A wonderful city to live in, tolerante, family-friendly, well connected, with agreeable public spaces and a fantastic climate, but not a great place to develop a career, earn a good salary, or start a new business. That’s the conclusion of a new survey of foreign business people living in Barcelona carried out by Barcelona Global – an organisation dedicated to improving Barcelona’s international standing.
On a scale of 1 to 10, Barcelona scored particularly badly on taxes, salaries, finance, and the command of English in the public sector. For obtaining business activity licences Barcelona got a dire rating of 2.8/10.
Housing in Barcelona was also rated as a problem by foreigners, who don’t think the quality matches the sales and rental prices. Barcelona has a lot of charm, but the housing stock is nowhere near the levels of other European cities.

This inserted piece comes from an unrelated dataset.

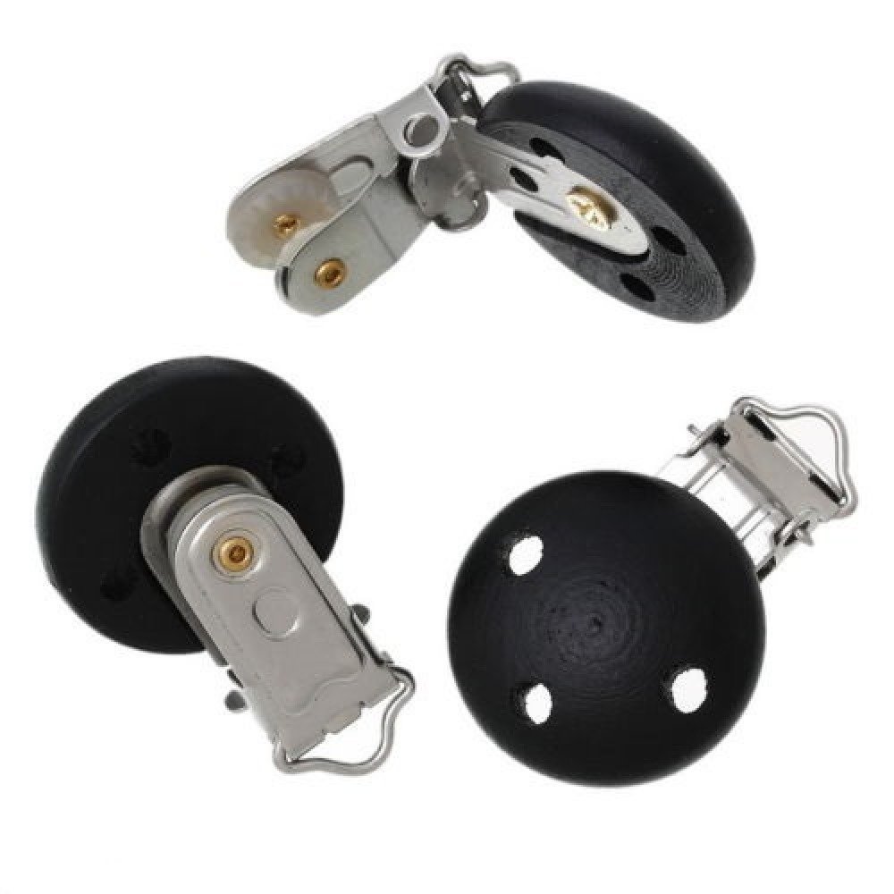 cette très belle pince bretelle en bois de couleur noir ou clips attache tétine,doudou en métal argenté.

Nationalism and the constitutional a tug of war with the Spanish state is also making foreign business types nervous. Catalan nationalists are agitating for an independent state, with uncertain economic consequences.
On the plus side, health, education, and the climate all scored 9/10, contributing to the high quality of life.
Most respondents confessed that their social life tends to revolve around other foreigners, rather than locals. Catalans aren’t famous for being outgoing, though when you get to know them they are very good eggs (I should know – I’m married to one).
But in the end 70pc of respondents would recommend Barcelona as a place to live and work to a friend, which is what really counts. There’s nothing like word of mouth for getting a message across.
Barcelona is an increasingly hot tourist destination, which creates a false sense of security. “We must avoid being complacent thanks to the success of tourism, which brings us visitors without having to do anything,” says Gonzalo Rodés, VP of Barcelona Global. Barcelona Global are pushing for changes to realise Barcelona’s potential. “Barcelona has the potential to be an international business city,” says Rodés.
As a foreigner who has lived in Barcelona for fifteen years I’m dismayed by many things, especially the small-mindedness of the local political discourse. But having lived all my life as an expat, I’ve never found a better city to live in.